Return each entry below exactly. Skip the images.

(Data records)
• • • • • • •

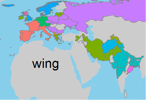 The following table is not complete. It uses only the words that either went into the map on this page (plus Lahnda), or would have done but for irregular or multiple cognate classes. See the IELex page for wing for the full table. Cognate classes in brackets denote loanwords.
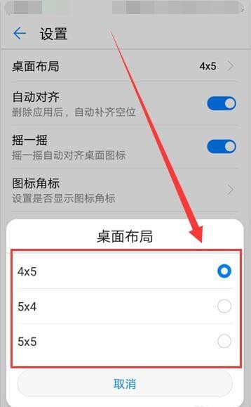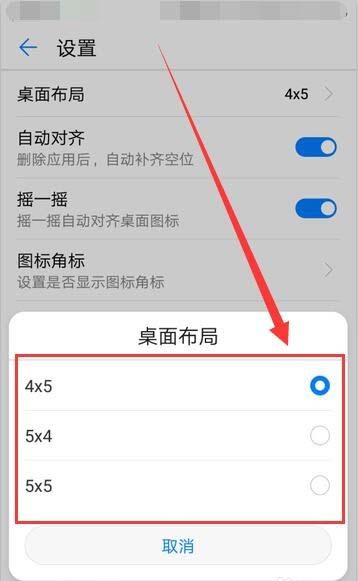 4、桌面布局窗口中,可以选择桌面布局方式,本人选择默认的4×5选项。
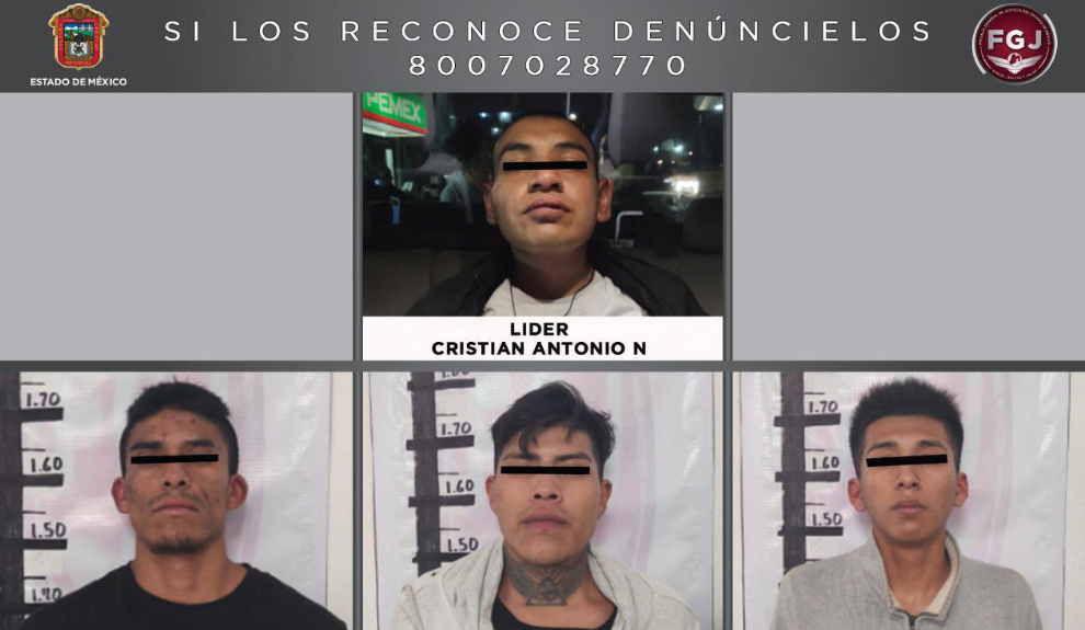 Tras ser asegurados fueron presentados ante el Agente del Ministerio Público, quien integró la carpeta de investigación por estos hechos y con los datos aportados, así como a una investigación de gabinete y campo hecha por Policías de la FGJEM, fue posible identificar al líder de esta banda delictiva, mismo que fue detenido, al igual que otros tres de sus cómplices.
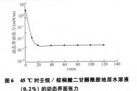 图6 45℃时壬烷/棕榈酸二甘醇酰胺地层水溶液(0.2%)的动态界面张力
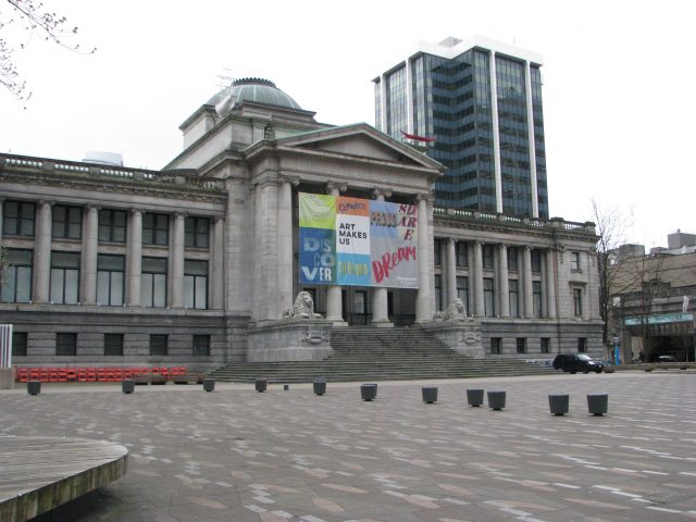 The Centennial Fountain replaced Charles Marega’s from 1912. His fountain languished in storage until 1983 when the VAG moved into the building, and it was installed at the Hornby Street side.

• • • • • • •

RESULT:
 The following table is not complete. It uses only the words that either went into the map on this page (plus Lahnda), or would have done but for irregular or multiple cognate classes. See the IELex page for wing for the full table. Cognate classes in brackets denote loanwords.
 4、桌面布局窗口中,可以选择桌面布局方式,本人选择默认的4×5选项。
 Tras ser asegurados fueron presentados ante el Agente del Ministerio Público, quien integró la carpeta de investigación por estos hechos y con los datos aportados, así como a una investigación de gabinete y campo hecha por Policías de la FGJEM, fue posible identificar al líder de esta banda delictiva, mismo que fue detenido, al igual que otros tres de sus cómplices.
 图6 45℃时壬烷/棕榈酸二甘醇酰胺地层水溶液(0.2%)的动态界面张力
 The Centennial Fountain replaced Charles Marega’s from 1912. His fountain languished in storage until 1983 when the VAG moved into the building, and it was installed at the Hornby Street side.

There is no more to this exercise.